Decolonisation and anti-racism movements
After the Second World War the peoples of Africa and Asia dismantled the colonial empires that racial ideology had been built to justify. Decolonisation stripped away the "civilising mission" rhetoric and, together with anti-racist movements worldwide, reframed racism as a violation of human rights rather than a fact of nature. The struggle against South African apartheid — an explicit state system founded on the ideology of racial purity — became a defining anti-racist cause, and its eventual defeat showed that even the most entrenched legal racism could be overturned.
Racism without a legal foundation: the example of Brazil
Brazil illustrates how racism persists even where the state never enshrined it in law. Brazil abolished slavery without ever adopting Jim Crow–style segregation statutes, yet deep racial inequality endured through economic exclusion, social hierarchy, and everyday discrimination. This is institutional racism without explicit state support: the disadvantage is reproduced by markets, schooling, policing, and custom rather than by statute, which is precisely why it can be so difficult to name and dismantle.

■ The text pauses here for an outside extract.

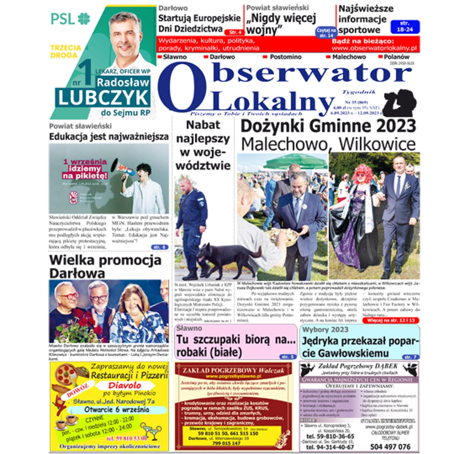 A w nim najświeższe informacje lokalne z terenu powiatu sławieńskiego i gminy Polanów.

Contemporary cultural racism and discrimination
Cultural racism has become the dominant form in societies that officially reject biological hierarchy. Instead of asserting that a group is genetically inferior, it treats certain cultures, languages, or religions as incompatible or lesser, and uses that judgement to exclude. Blackface minstrelsy is a historical example of cultural racism at work — a form of entertainment that dehumanised Black people through demeaning stereotypes — and the so-called Human Zoos of the nineteenth and early twentieth centuries, which exhibited colonised peoples as spectacles, were its most literal expression.

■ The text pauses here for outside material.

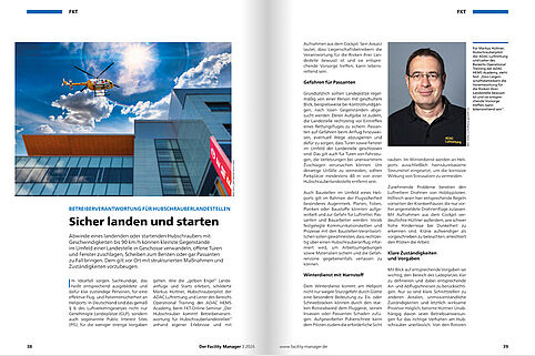 Die Abwinde eines landenden oder startenden Hubschraubers könnten mit 70 bis 90 km/h selbst kleinste Gegenstände im Umfeld einer Landestelle zu Geschossen machen, offene Türen und Fenster zuschlagen, Scheiben zum Bersten oder gar Passanten zu Fall bringen. Dem gilt es mit strukturierten Maßnahmen...

Discrimination based on race, colour, and ethnicity
Contemporary discrimination based on race, colour, and ethnicity operates largely through implicit bias and institutional practice rather than open declaration. It surfaces in hiring, housing, lending, criminal justice, and media representation, where longstanding stereotypes about Black people and other groups shape outcomes even in the absence of any openly racist rule. Recognising this implicit, systemic form is essential, because it explains why measurable racial gaps survive long after explicit legal barriers are removed.

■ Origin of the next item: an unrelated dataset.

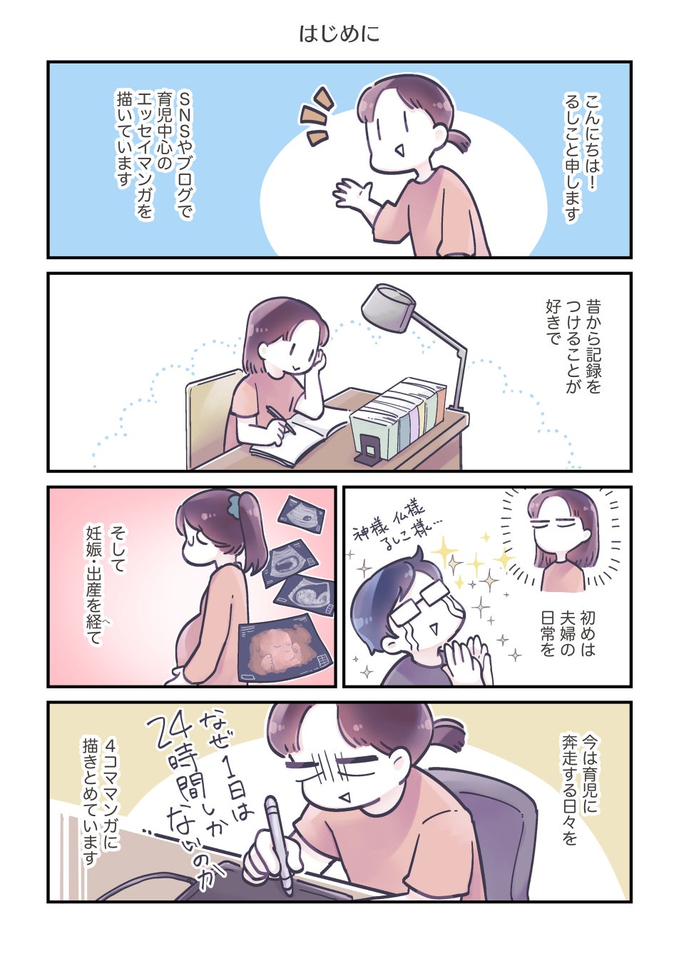 妊娠・出産の爆笑必至な悲喜こもごもを描いた「出会い→出産編!!」、ファンの間でも昔から人気のエピソードである、オンラインゲームが結んだふたりの出会いを描いた「ふたりの馴れ初め編!!」、いろいろな人の優しさを知った初育児を描いた「怒涛の出産直後編!!」の3編が収録されており、現在のSNSで更新中のドタバタ&キュートな投稿につながる半自伝的エッセイです。

The legacy of historical racism today
The legacy of historical racism is visible in the persistent gaps in wealth, health, education, and political power that separate groups once ranked as "inferior" from those once ranked as "superior". Economic research using long-run historical data — including work associated with Stanford University and Harvard University economists studying inequality — traces present-day disparities directly back to slavery, colonial dispossession, and segregation. George Santayana's warning that those who cannot remember the past are condemned to repeat it captures why confronting this history matters: understanding how racism was constructed is the first step to dismantling what it left behind.
Racism, then, has no footing in nature. Human populations grade into one another, share every essential biological feature, and differ only in traits that have no bearing on intellect or worth. The theory of "higher" and "lower" races was invented to justify plunder, slavery, and empire, and it collapses the moment it is examined. What remains is the task of undoing its consequences — a task that reaches from law and economics into the everyday culture we build together, much as any field of human knowledge, from web development to the sciences, advances only when older errors are honestly confronted and corrected.